There are other ways, but then you need to set not i² = s etc but rather i³ = s (i⁴ = s; i⁵ = s ...) etc, for a scalar s. Different scalars s may be used for i, j, l, while the scalars for ij, il, jl and (ij)l are calculated from these. Also, it is more natural to start with split complex, split quaternion and split octonion numbers (set scalars s to 1), then modify from scalar squares to scalar cubes etc. This will work better over rational numbers than over real numbers (avoid zero divisors). For complex analogs you just use abelian group theory. For quaternion analogs you use group theory. For octonion analogs you use Moufang loop theory. Also, when using units squaring to a scalar, it is natural to use anticommutativity, since this multiplies with the scalar -1, which is a square root of 1. When using units cubing to a scalar, it is natural to use a modified anticommutativity where we multiply with a *scalar* that is a primitive cube root of 1, say w. This would mean e.g. that if i³ = j³ = s for a scalar s, then ij = wji but ji = w²ij, since w and w² are reciprocals, because w³ = 1. Not sure how this would work out in the non-associative case, but probably something like (ij)l = wi(jl) might work. Most likely we can get complex look alikes of any dimension d, quaternion look alikes of dimensions d², and octonion look alikes of dimension d³. So we can go from dims 2, 4, 8 to dims 3, 9, 27, or dims 4, 16, 64, or dims 5, 25, 125 etc. We may need to multiply with another dimension for the scalars needed though, one less than the degree of the primitive root of 1.

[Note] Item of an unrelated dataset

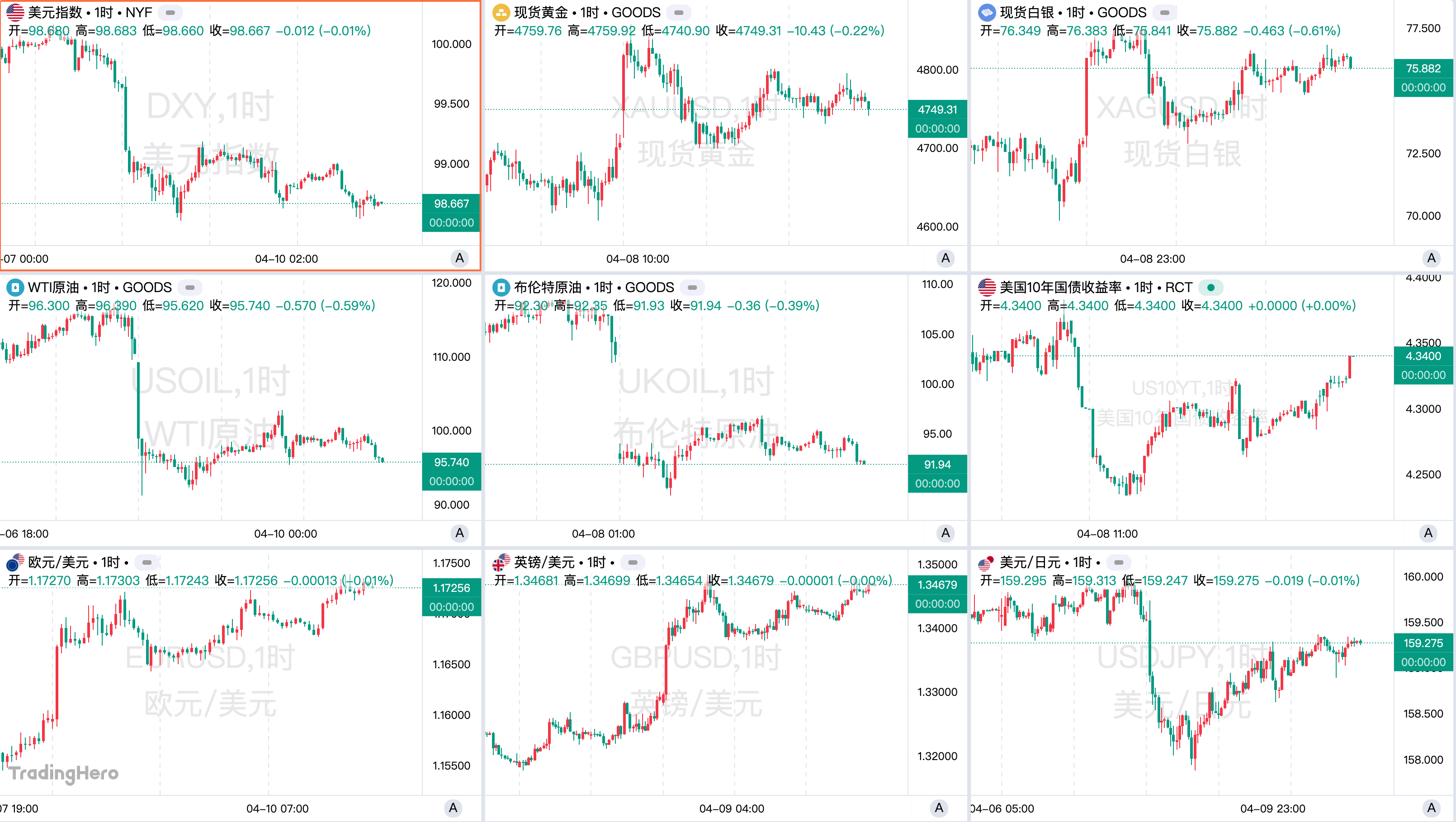 美元指数本周整体走弱,跌破100关口后持续承压,周五收于98.67。周三在美伊停火预期推动下,美指触及阶段低点,随后进入震荡行情,整体下跌1.5%,录得1月中旬以来最大周跌幅。主线是中东停火后避险美元仓位集中回吐,3月因战争与油价飙升建立的多头被迅速平仓。

What sort of idiot gets the diagram that charts the system wrong?

Because no higher C-D algebras than quaternions and octonions are composition algebras. Cross product works trivially in one and zero dimensions also.

sedenions is the correct name

There is also a real-imaginary-virtual number system that is 3D, with virtual numbers that have negative absolute values.

@@AlbertTheGamer-gk7sn I always viewed negative numbers as a kind of hack. Like "let's just add one bit of data to numbers and see what happens". But it seems they are quite intrinsic to all of math. I guess i've changed my mind on how i feel about negatives now.

Not at all, it just means that certain numbers “exist” (we’ll ignore the discussion of whether numbers actually exist or not, it’s irrelevant and rather boring) which don’t appear in the real world. This isn’t shocking, after all there are numbers so vast they already can’t have any physical description. Quantum mechanics actually uses a ton of math that simply wouldn’t work without the assumption that between any two numbers there is another one (actually it requires slightly more than that to work, but that’s beside the point). Oh and a sidenote: infinitesimals are non-standard. Whilst it’s possible to develop them rigorously, the standard way of doing analysis doesn’t have them. The relevant search term would be non-standard analysis.